MANY OF HIS peers are dead, and countless others haven’t picked up a guitar since their arthritis kicked in. But last year, just two days after releasing his aptly titled 73rd studio album, Last Man Standing, Willie Nelson turned 85. A few weeks later he was, as usual, on the road again. He’s got plenty of cash and a legacy that rivals any musician who’s ever lived, so no one would blame Nelson if he spent the rest of his life doing nothing but lounging on a beach near his home in Maui or enjoying edibles at his ranch outside Austin. Yet he’s still writing songs, playing guitar and making music nearly every day.

So why does he still do it? “I need to keep being creative, not to prove anything but because it makes me happy just to do it,” Nelson says. He partially credits doing what he loves for keeping him animate into his 80s. “Keeping busy has a lot to do with keeping you alive.”

What else would he do? Over the past couple of decades, whenever Nelson was asked about retirement, he’d reply, “All I do is play music and golf. Which one do you want me to give up?”


Willie NelsonWillie Nelson Willie Nelson

FULL NELSON: No one has graced our cover more than Willie.

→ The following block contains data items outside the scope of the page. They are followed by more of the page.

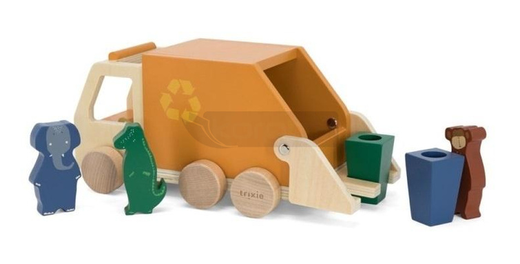 Gotowi do zbierania śmieci i recyklingu! Nasi zwierzęcy przyjaciele chętnie pomagają w segregacji odpadów, dbając o przyszłość naszej planety. Śmieciarka jest wyposażona w 3 zwierzątka oraz 2 pojemniki do zbierania i opróżniania z tyłu pojazdu. To wspaniały sposób, aby dzieci nauczyły się, jak ważny jest recykling! Skład: MDF FSC(R) - drewno bukowe FSC(R) - sklejka FSC(R) Rekomendowany wiek: 18m+
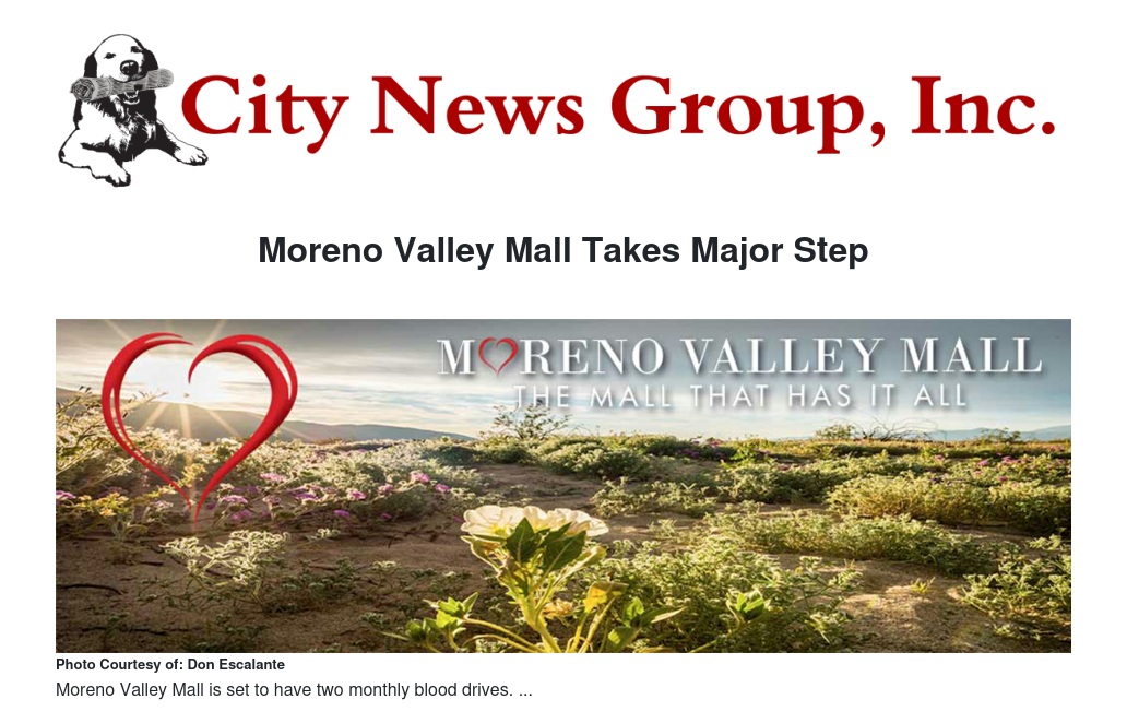 “We look forward to partnering with LifeStream to make this important endeavor a reality,” said Tracie Plefka, the mall’s general manager. “Being able to open our doors to the community in this manner solidifies our desire to remain an integral part of the Moreno Valley community and its continued growth.”
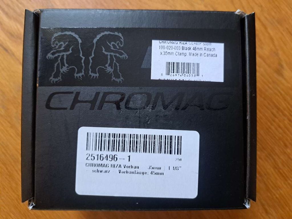 - CHROMAG RIZA Vorbau - 35mm | 1 1/8" - schwarz Der RIZA wird in Kanada aus hochwertigem Aluminium CNC-gefräst. Er profitiert aus der 20 jährigen Erfahrung von Chromag in der Herstellung von Vorbauten auf höchstem Niveau. Eine Besonderheit ist die leichte Fase an der Außenkante des Klemmbereichs. Dadurch soll die Belastung am Lenker verringert werden, wenn sich dieser im harten Einsatz biegt. Der hohe Detailgrad des Vorbaus sowie das maschinelle entgraten erfordern eine hohe Maschinenlaufzeit, doch der Aufwand lohnt sich. Das Ergebnis ist eines der besten Produkte die Chromag je hergestellt hat. Außerdem sieht der Vorbau wirklich verdammt gut aus. Technische Details des Chromag RIZA Einsatzbereich: MTB Material: 6061 Aluminium (CNC-gefräst) Klemmdurchmesser Gabelschaft: 1 1/8" Klemmdurchmesser Lenker: 35 mm Klemmhöhe: 38 mm Rise: 0° Zustand: NEU Länge: 45mm Made in Canada Fase im Klemmbereich zur Entlastung des Lenkers Gewicht (31,8mm/38mm): ca. 194 g (Herstellerangabe)
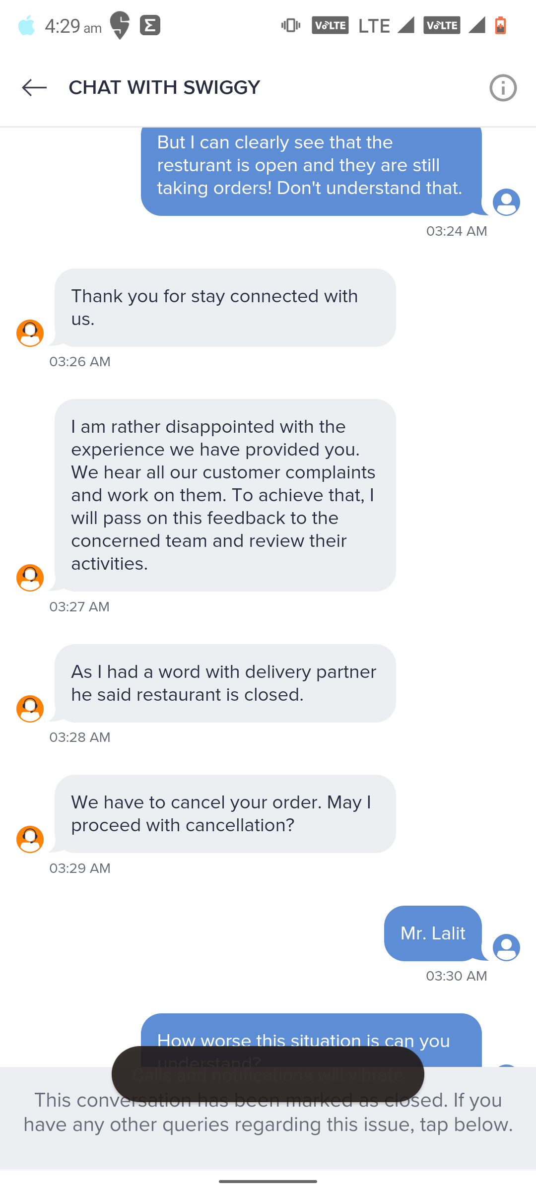 Placed the order at 2am, the delivery partner calls at 3am and asks me to cancel the order with the reason being “the resturant is not open”. I contacted chat support and they told me the same thing which was a lie as I spoke to a person from the resturant (on the number which was provided in the app after order) he confirmed that my order is ready and the delivery partner hasn’t arrived yet to pick it up! When I asked the chat support with whom he has confirmed if the resturant was really closed, he cancelled my order and refunded the amount. It was 4am ans still hungry. I even got an automated call from swiggy which they usually do if the food is being delayed. My point it is I’m the one who’s suffring because of the swiggy staff’s miscommunication. They all they did was to apologize for the issue.
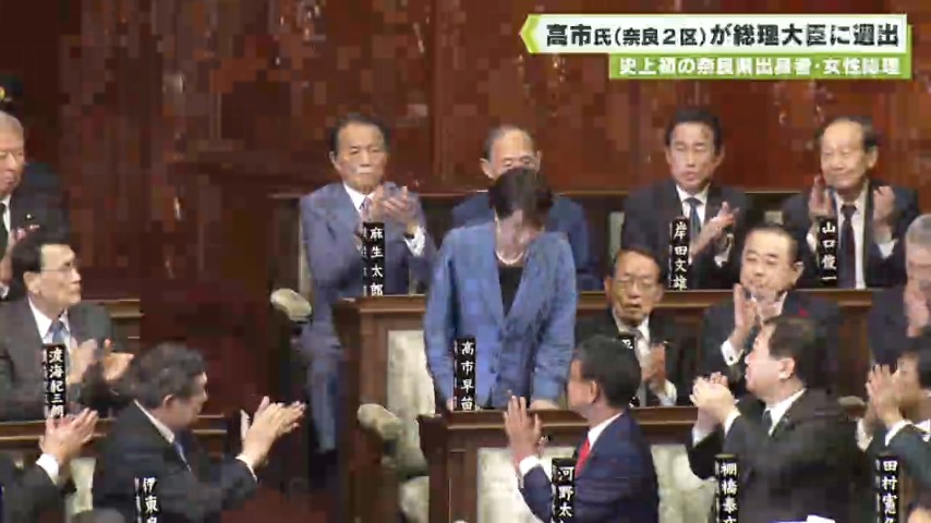 史上初の奈良県出身者・女性総理 高市早苗氏(奈良2区)が総理大臣に選出
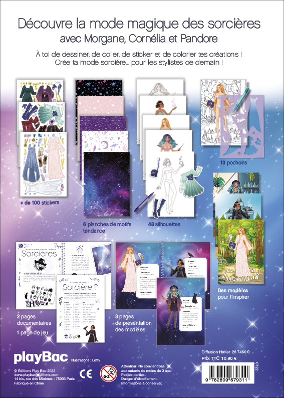 Découvre la mode magique des sorcières avec Morgane, Cornélia et Pandore.   À toi de dessiner, de coller, de sticker et de colorier tes créations. Crée ta mode sorcières…pour les stylistes de demain ! – Plus de 100 stickers – 6 planches de motifs tendance – 48 silhouettes à colorier et à habiller – 13 pochoirs – Des modèles pour t’inspirer – 3 pages de présentation des modèles – 2 pages documentaires et 1 page de jeu pour te plonger dans l’univers de la magie
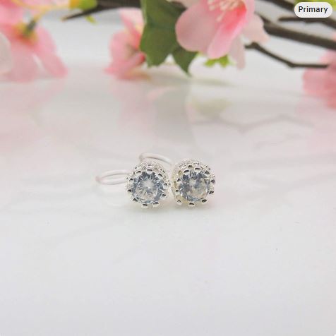 Cubic Zirconia Stud Look Invisible Clip On Earrings, 7mm Prong Set
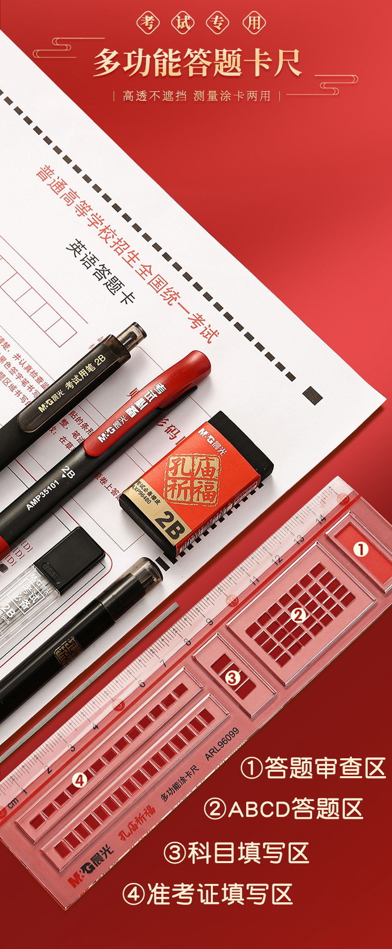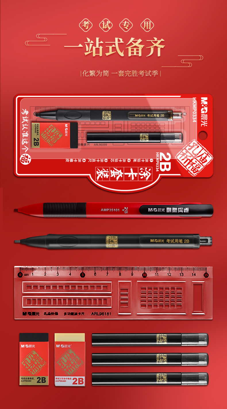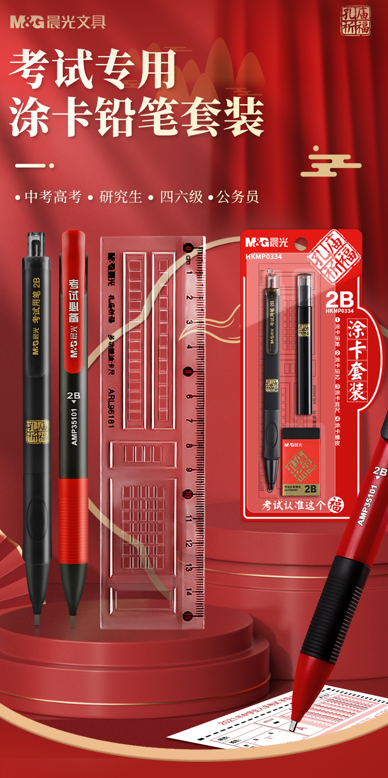 晨光孔庙考试套装2比涂卡铅笔答题卡高考考试备考用工具考研公务员13件初中专学生2Bb电脑填涂卡铅芯尺子
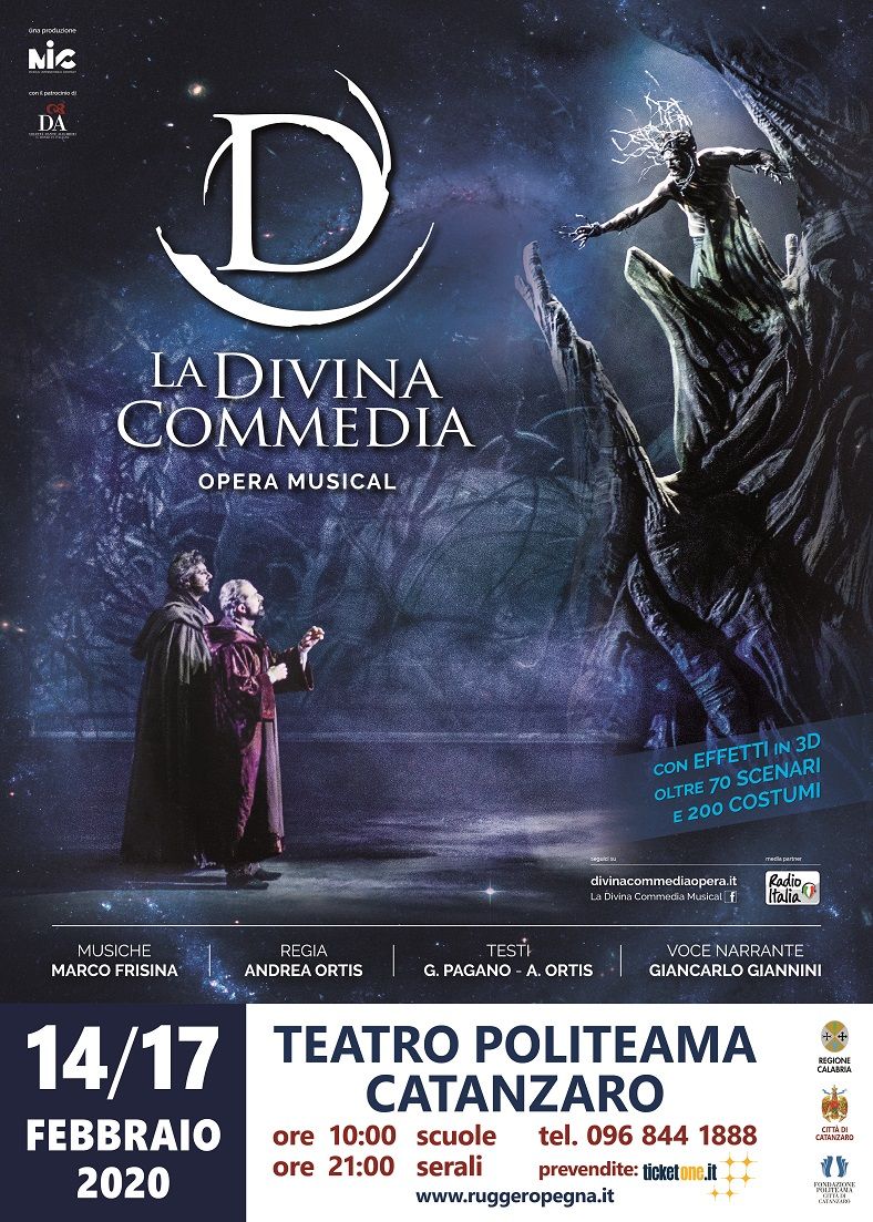 Prodotta da Music International Company, l’opera vanta un team creativo d’eccezione e una troupe di oltre 50 professionisti che porta in tour una produzione innovativa e ambiziosa: un cast di voci eccezionali con un corpo di ballo acrobatico dà infatti vita ai personaggi più emblematici del poema dantesco, che si muovono su suggestive musiche avvolti da proiezioni video di ultima generazione.
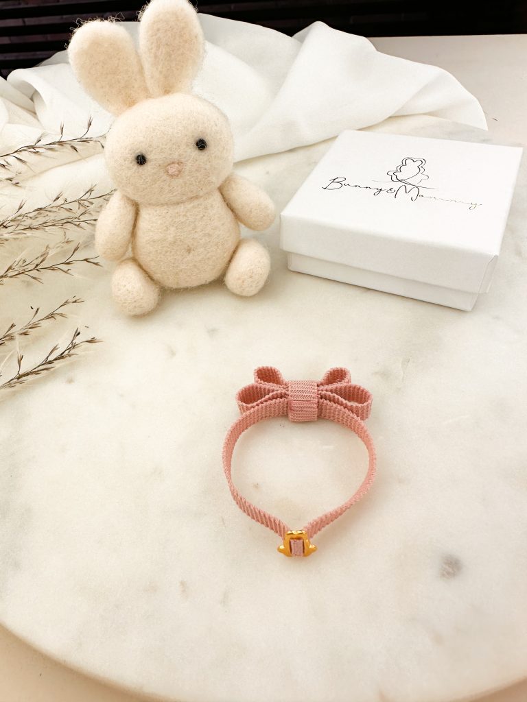 Subtelna bransoletka elastyczna w wersji z kokardką lub bez. Bransoletka stanowi piękną pamiątkę zarówno dla małych dzieci, jak i tych całkiem dorosłych. Subtelny detal w formie króliczkowej przekładki dodaje uroku i niepowtarzalności biżuterii #BUNNYANDMOMMY. Pełna personalizacja biżuterii pozwala dobrać odpowiedni rozmiar, kolor oraz wersję bransoletki. Bransoletka wykonana z elastycznej wstążeczki w dziewięciu wariantach kolorystycznych w wersji z kokardką lub bez. Zapakowana z dbałością o każdy szczegół bransoletka tworzy z całości wyjątkowy, niepowtarzalny prezent.

Playing music is how Nelson gives back. He fights for American farmers with Farm Aid, his annual fundraising concert, he plays benefits for hurricane and fire victims, and he performs gratis shows for wounded soldiers. For years, Nelson’s handlers have tried to insulate him from outsiders asking him for help because, they say with exasperation, “Willie can’t say no.”

Meanwhile, the people keep coming. “The fact that people still show up and like what we do is a good enough reason to keep doing it,” Nelson says. He’s struggled over the past few years: he’s been sick, and he doesn’t perform as long as he used to. But when he walks onstage, waves at the crowd and greets them with a “How y’all doin’?” he’s repaid with adoration, and he feeds off of that energy.

It’s also a family affair. Sure, he’s shared the stage with some of the world’s most renowned musicians, such as Ray Charles and Frank Sinatra, but nothing pleases Nelson more than playing with family. Every night on tour, his sister, Bobbie, whirls through the instrumental number “Down Yonder” on piano, while Willie looks on in admiration.

And he gets special joy from performing with his brood: sons Lukas and Micah and daughters Amy and Paula. “There’s nothing better than having your kids get up onstage and play music with you,” he says. “You can’t beat that.”

And the beat goes on. He’s had health issues over the years: one of his lungs collapsed in 1981 and again in 2008, and in recent years he’s ruptured a bicep and torn a rotator cuff. But Nelson stays in shape. He bikes, swims, lifts weights and does tae kwon do. “I think Dad’s gonna live to be 108 years old,” Lukas says.

In February 2015 a fake news site proclaimed that Nelson was dead. Two months later it followed with a report that a gardener had found him lifeless in the front yard of his Maui home. And on Aug. 3, 2017, various radio stations began tweeting rumors that Nelson had died. When he heard about his demise, he responded as you’d expect: he laughed. Then he went out and played another show.